:: RECORD EXCERPTS ::

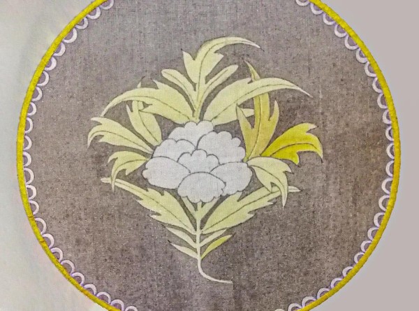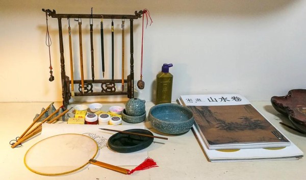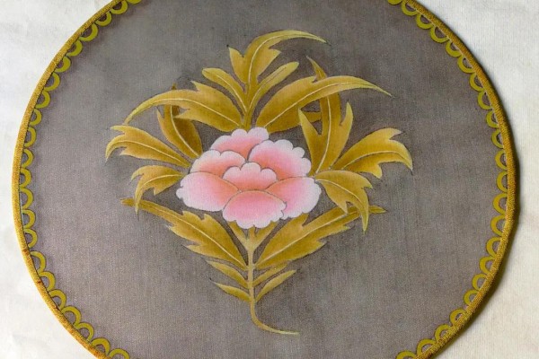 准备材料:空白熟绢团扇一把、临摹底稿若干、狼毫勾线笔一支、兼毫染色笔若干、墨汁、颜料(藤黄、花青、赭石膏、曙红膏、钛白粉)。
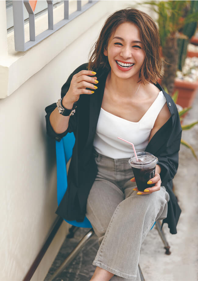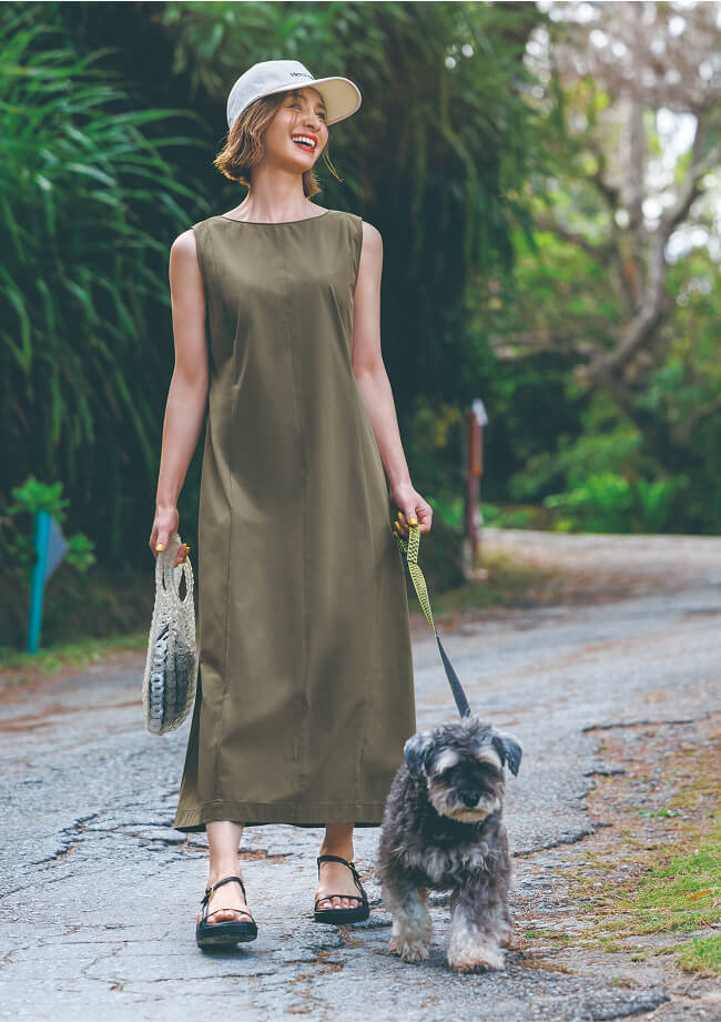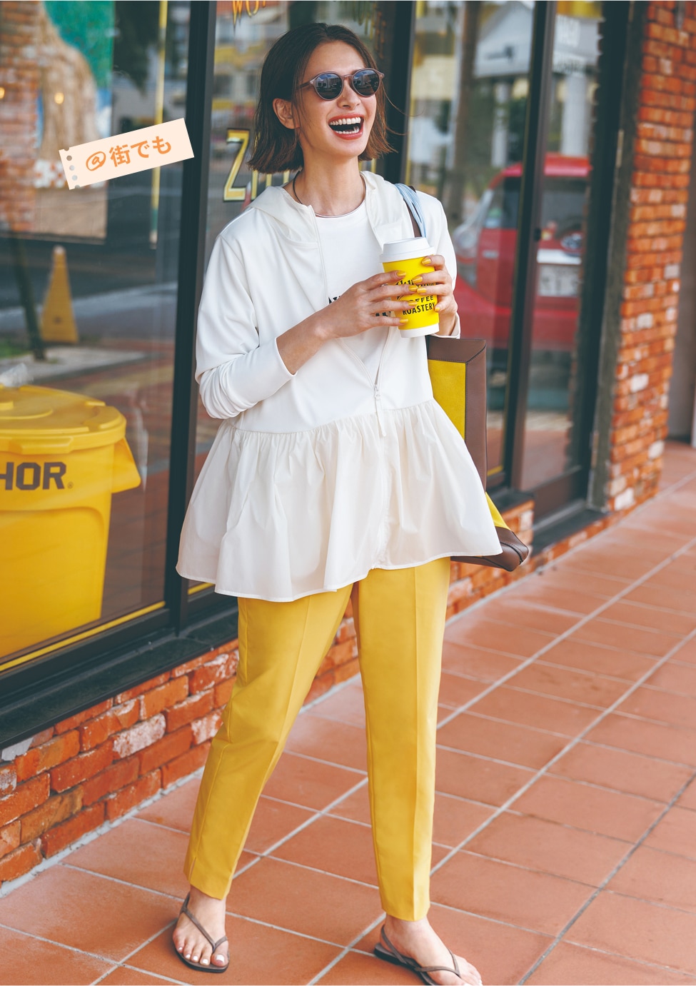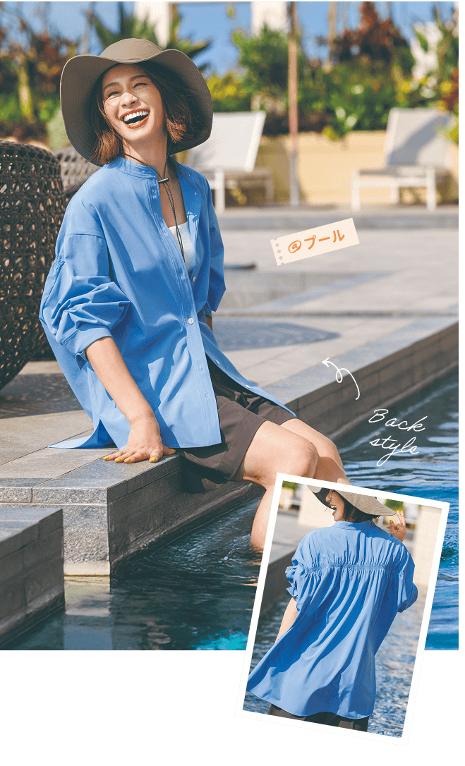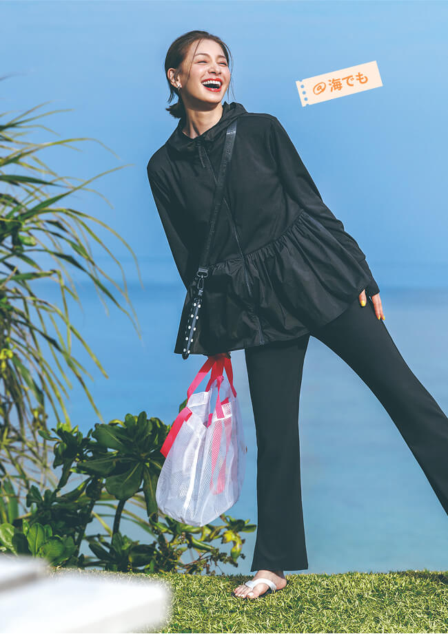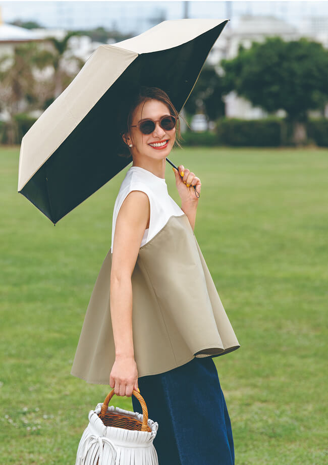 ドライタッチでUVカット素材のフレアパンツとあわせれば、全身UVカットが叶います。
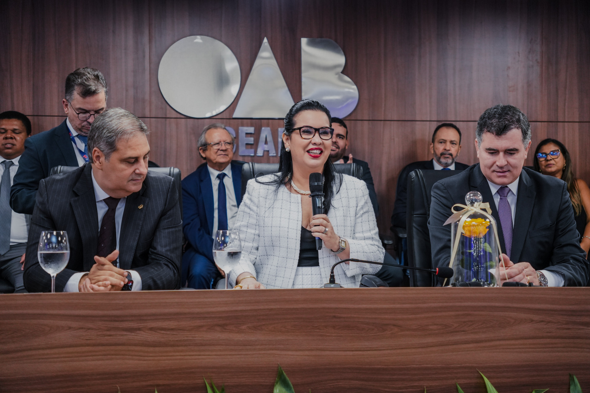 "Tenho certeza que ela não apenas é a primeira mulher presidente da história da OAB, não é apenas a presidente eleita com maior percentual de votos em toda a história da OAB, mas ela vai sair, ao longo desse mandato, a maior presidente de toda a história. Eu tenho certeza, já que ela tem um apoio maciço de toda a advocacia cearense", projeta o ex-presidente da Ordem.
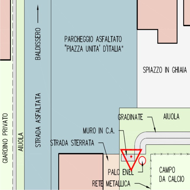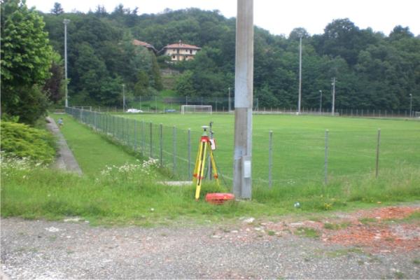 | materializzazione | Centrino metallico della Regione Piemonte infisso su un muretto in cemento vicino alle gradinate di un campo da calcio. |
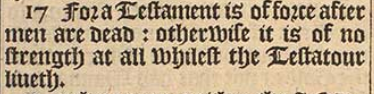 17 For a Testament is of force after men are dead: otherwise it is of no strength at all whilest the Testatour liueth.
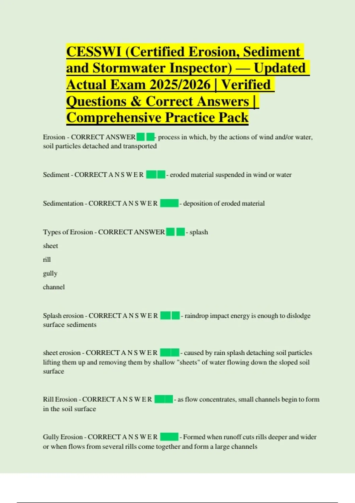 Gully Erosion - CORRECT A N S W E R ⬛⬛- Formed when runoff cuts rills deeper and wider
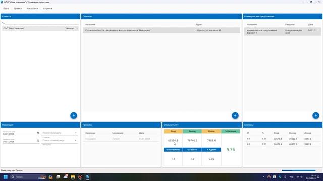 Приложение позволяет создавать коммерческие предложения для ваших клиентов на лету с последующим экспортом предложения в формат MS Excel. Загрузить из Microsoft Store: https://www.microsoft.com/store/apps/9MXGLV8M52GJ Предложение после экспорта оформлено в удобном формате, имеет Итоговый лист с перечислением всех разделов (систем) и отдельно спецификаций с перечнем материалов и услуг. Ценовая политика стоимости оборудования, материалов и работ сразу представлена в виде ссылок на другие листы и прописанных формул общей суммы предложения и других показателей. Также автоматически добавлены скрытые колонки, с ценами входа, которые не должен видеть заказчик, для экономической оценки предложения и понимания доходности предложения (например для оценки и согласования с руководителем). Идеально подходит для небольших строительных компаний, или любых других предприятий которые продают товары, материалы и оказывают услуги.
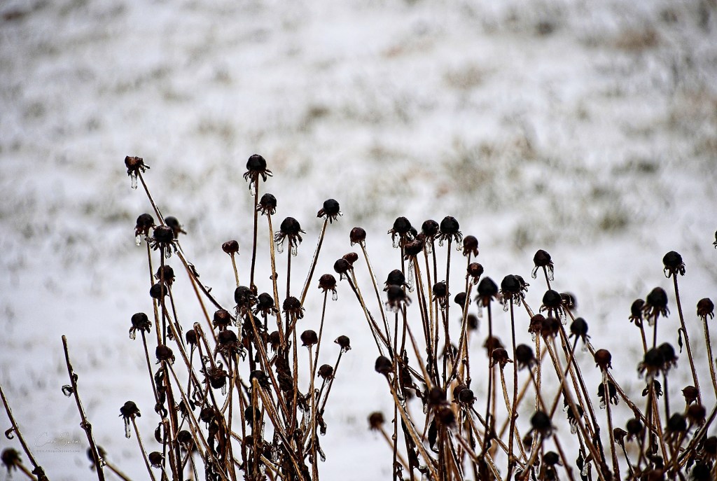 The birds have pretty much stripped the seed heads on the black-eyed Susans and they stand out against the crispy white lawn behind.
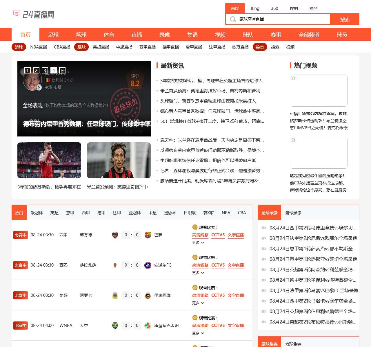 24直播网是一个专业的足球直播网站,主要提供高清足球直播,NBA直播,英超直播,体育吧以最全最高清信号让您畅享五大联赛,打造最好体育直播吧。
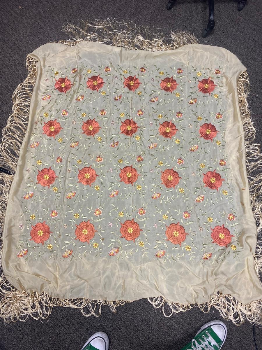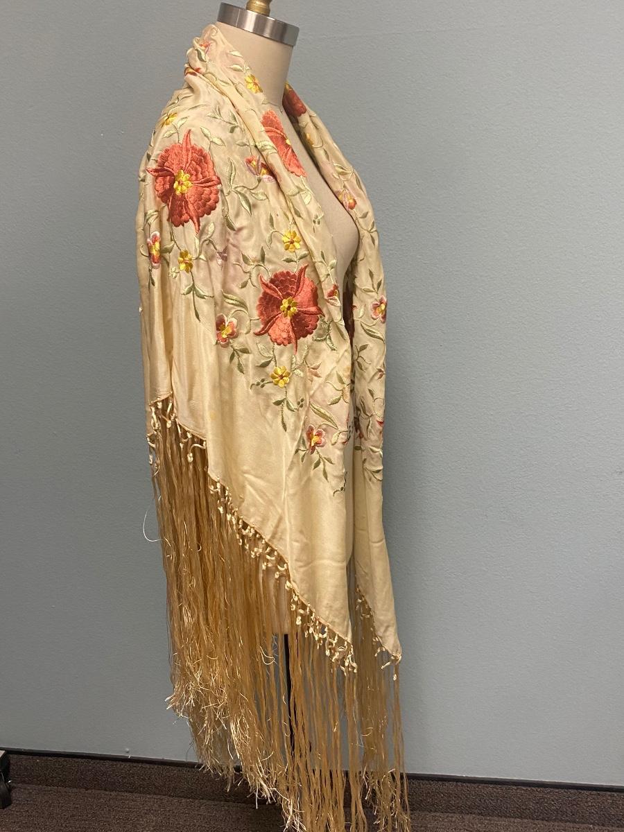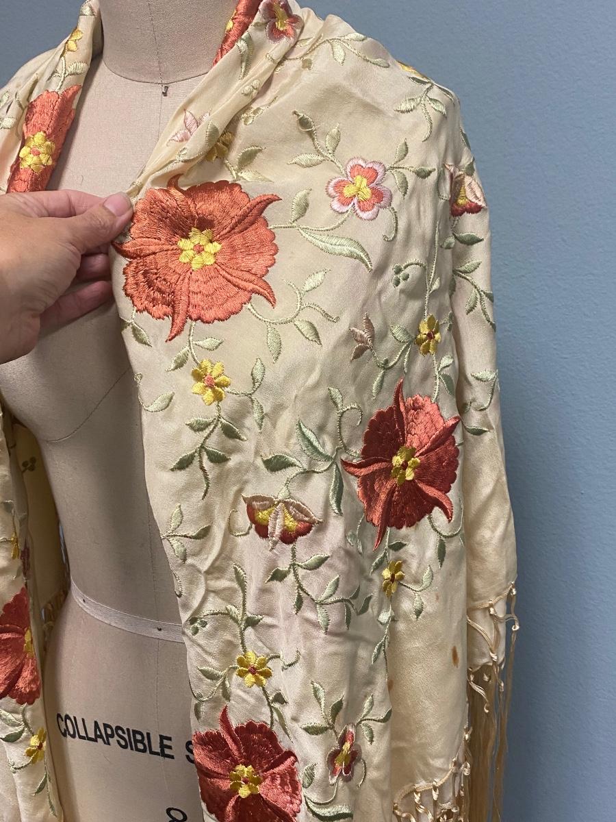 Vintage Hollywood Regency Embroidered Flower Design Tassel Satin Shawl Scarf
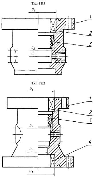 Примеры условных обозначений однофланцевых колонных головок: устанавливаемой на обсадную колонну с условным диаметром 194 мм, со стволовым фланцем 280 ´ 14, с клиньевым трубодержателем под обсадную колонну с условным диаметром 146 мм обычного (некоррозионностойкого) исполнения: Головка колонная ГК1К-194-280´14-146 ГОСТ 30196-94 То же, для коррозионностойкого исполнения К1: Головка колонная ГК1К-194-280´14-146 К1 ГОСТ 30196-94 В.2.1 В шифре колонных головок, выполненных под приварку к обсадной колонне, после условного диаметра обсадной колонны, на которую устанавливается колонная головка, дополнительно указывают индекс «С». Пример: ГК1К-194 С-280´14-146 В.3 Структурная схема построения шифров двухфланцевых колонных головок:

:::

**YOUR OBJECTIVE**
Only the lines from the top of the data through the line with "Gully Erosion - CORRECT" should be quoted, exactly and with both ends kept; skip the pictures.

**OUTPUT FOR THIS TASK**
 准备材料:空白熟绢团扇一把、临摹底稿若干、狼毫勾线笔一支、兼毫染色笔若干、墨汁、颜料(藤黄、花青、赭石膏、曙红膏、钛白粉)。
 ドライタッチでUVカット素材のフレアパンツとあわせれば、全身UVカットが叶います。
 "Tenho certeza que ela não apenas é a primeira mulher presidente da história da OAB, não é apenas a presidente eleita com maior percentual de votos em toda a história da OAB, mas ela vai sair, ao longo desse mandato, a maior presidente de toda a história. Eu tenho certeza, já que ela tem um apoio maciço de toda a advocacia cearense", projeta o ex-presidente da Ordem.
 | materializzazione | Centrino metallico della Regione Piemonte infisso su un muretto in cemento vicino alle gradinate di un campo da calcio. |
 17 For a Testament is of force after men are dead: otherwise it is of no strength at all whilest the Testatour liueth.
 Gully Erosion - CORRECT A N S W E R ⬛⬛- Formed when runoff cuts rills deeper and wider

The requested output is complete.